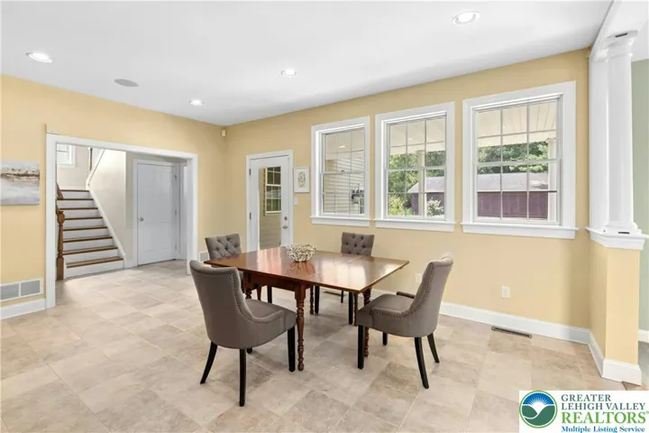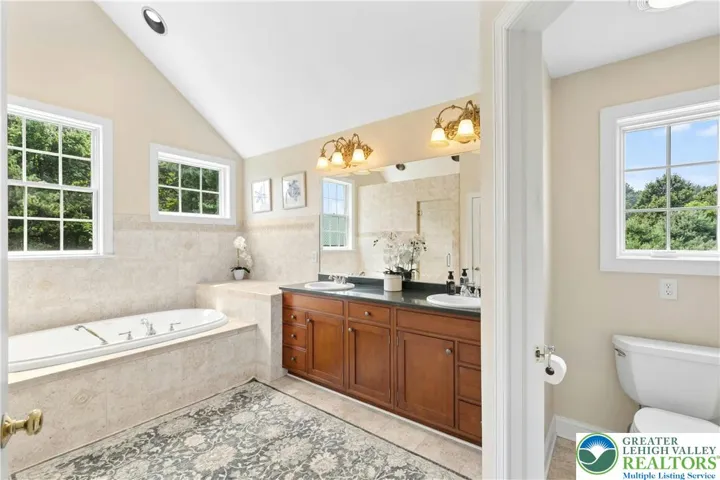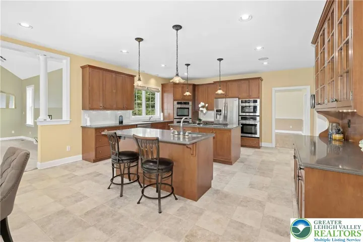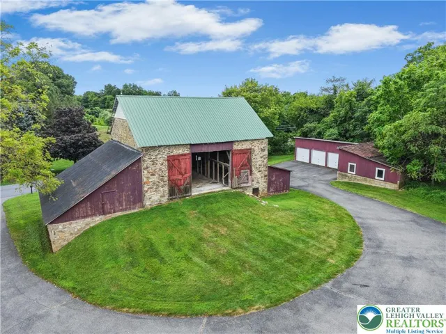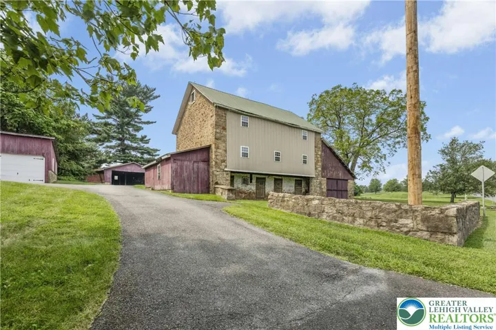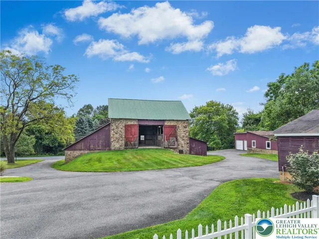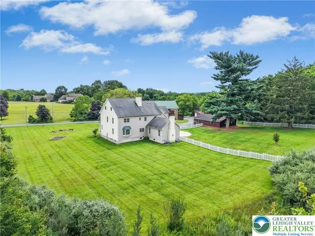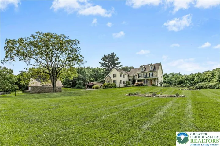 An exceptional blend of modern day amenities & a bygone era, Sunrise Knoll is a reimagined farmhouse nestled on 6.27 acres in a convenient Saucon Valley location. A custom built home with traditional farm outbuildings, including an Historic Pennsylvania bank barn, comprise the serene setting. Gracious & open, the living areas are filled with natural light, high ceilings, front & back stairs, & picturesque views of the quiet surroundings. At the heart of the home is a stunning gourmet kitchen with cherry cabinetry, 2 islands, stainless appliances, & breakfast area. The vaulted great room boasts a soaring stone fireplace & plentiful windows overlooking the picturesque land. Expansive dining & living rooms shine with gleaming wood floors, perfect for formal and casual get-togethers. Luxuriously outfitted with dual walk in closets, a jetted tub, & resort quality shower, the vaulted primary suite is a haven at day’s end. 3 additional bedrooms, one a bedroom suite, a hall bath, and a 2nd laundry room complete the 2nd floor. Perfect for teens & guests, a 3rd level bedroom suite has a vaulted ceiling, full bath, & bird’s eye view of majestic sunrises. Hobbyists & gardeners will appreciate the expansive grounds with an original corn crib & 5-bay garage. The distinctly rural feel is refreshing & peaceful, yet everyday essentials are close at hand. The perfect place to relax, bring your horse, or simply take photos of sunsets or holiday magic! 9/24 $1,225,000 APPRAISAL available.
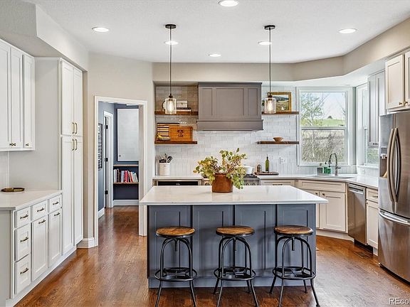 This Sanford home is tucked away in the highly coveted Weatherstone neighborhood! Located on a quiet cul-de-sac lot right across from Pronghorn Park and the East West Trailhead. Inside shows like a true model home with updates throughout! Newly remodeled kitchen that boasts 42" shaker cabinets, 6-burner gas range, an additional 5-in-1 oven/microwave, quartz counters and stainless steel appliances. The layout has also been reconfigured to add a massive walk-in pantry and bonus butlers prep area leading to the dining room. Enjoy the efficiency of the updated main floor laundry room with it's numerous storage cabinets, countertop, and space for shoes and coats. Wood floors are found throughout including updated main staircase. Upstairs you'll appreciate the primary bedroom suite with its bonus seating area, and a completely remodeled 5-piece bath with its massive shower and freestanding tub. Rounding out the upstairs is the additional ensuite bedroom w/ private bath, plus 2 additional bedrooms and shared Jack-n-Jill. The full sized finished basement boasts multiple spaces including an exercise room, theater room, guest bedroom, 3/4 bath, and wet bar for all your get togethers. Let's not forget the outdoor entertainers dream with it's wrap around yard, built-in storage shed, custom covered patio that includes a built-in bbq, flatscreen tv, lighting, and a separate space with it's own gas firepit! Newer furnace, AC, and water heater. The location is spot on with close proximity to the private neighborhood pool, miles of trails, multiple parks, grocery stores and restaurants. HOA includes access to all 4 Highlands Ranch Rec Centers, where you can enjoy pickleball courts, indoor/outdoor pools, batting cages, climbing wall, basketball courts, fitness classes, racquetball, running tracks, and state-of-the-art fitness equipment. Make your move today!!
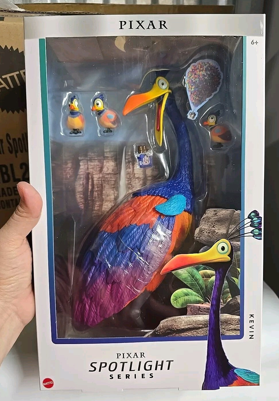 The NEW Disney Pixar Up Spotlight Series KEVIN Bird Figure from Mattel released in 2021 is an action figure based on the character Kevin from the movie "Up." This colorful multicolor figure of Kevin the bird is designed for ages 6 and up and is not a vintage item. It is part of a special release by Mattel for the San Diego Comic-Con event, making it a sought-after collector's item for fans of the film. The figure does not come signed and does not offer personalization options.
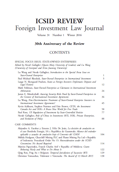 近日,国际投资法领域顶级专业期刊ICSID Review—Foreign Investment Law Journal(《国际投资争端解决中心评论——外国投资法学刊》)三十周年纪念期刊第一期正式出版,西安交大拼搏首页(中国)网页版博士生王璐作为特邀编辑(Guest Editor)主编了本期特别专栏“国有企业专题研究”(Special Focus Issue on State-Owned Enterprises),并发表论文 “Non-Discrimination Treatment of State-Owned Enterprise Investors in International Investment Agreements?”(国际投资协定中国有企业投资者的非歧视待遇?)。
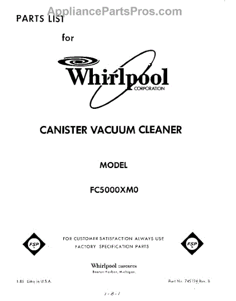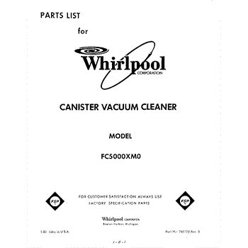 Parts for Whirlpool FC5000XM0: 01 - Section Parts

WORK REQUEST.
Retype exactly, please, the span from the line holding "The NEW Disney" through the closing line of the data, both ends included, without the pictures.

ANSWER SECTION.
 The NEW Disney Pixar Up Spotlight Series KEVIN Bird Figure from Mattel released in 2021 is an action figure based on the character Kevin from the movie "Up." This colorful multicolor figure of Kevin the bird is designed for ages 6 and up and is not a vintage item. It is part of a special release by Mattel for the San Diego Comic-Con event, making it a sought-after collector's item for fans of the film. The figure does not come signed and does not offer personalization options.
 近日,国际投资法领域顶级专业期刊ICSID Review—Foreign Investment Law Journal(《国际投资争端解决中心评论——外国投资法学刊》)三十周年纪念期刊第一期正式出版,西安交大拼搏首页(中国)网页版博士生王璐作为特邀编辑(Guest Editor)主编了本期特别专栏“国有企业专题研究”(Special Focus Issue on State-Owned Enterprises),并发表论文 “Non-Discrimination Treatment of State-Owned Enterprise Investors in International Investment Agreements?”(国际投资协定中国有企业投资者的非歧视待遇?)。
 Parts for Whirlpool FC5000XM0: 01 - Section Parts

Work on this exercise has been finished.